The February 10, 2020 order denying petitioner’s section 1170.95 petition is reversed. On remand, the trial court is directed to issue an order to show cause and to conduct further proceedings as required under section 1170.95, subdivision (d), in light of the principles set forth herein.


* Before Levy, Acting P. J., Poochigian, J. and Detjen, J.

[1] Petitioner entered a plea to additional offenses, as described below.

[2] Undesignated statutory references are to the Penal Code.

[3] Lowe similarly pled guilty to second degree murder with the use of a deadly weapon, and to fraudulent use of an access card.

[4] It appears petitioner’s prior prison term enhancements recently were rendered invalid. (Sen. Bill. No. 483 (2021-2022 Reg. Sess.); see § 1171.1, subd. (a).) On remand, petitioner may raise the issue of his entitlement to resentencing pursuant to section 1171.1.

[5] The People did not specify the record relied on in creating this factual summary. It appears to be taken from either a summary of the preliminary hearing contained in the probation officer’s report, or a letter submitted by the prosecutor to the probation department for use in preparation of that report.

[6] Additionally, section 189 was amended to allow for felony-murder liability where the victim is a peace officer. (§ 189, subd. (f); accord, People v.
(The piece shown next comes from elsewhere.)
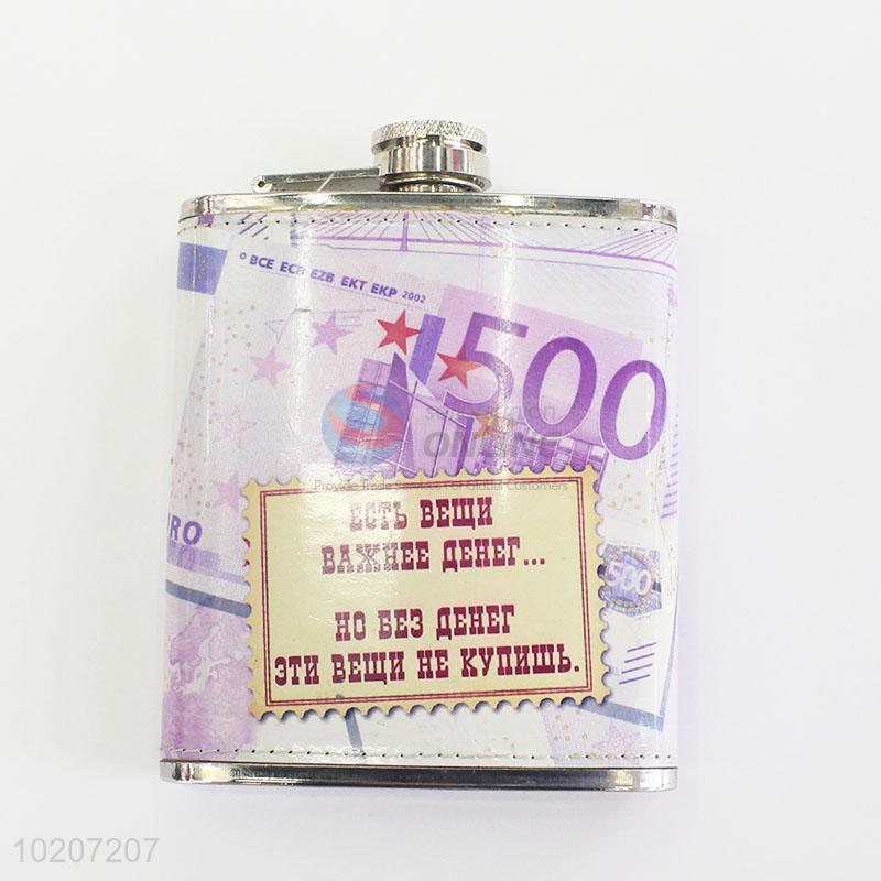 Fashion Money Pattern Stainless Steel Plastic Hip Flask

Daniel (2020) 57 Cal.App.5th 666, 672.)

[7] The trial court did not hold that Senate Bill No. 1437 (2017-2018 Reg. Sess.) is unconstitutional. Nonetheless, petitioner argues Senate Bill No. 1437 is constitutionally sound. The People concede as much. This court has previously upheld the constitutionality of Senate Bill No. 1437 against a variety of challenges. (E.g., People v. Nash (2020) 52 Cal.App.5th 1041, 1053.)





Description In 1991, petitioner William Blalock pled guilty to the second degree murder of Gerald Smart. (Pen. Code, § 187.) For this offense, the trial court sentenced petitioner to a term of 15 years to life.
In 2019, petitioner filed a petition for resentencing pursuant to section 1170.95. The court denied the petition on the ground petitioner was not convicted of felony murder or murder under a natural and probable consequences theory, and thus was ineligible for resentencing.
On appeal, petitioner asserts he established a prima facie claim for resentencing relief and the court therefore erred in denying the petition without issuing an order to show cause or holding an evidentiary hearing. We agree with petitioner and reverse.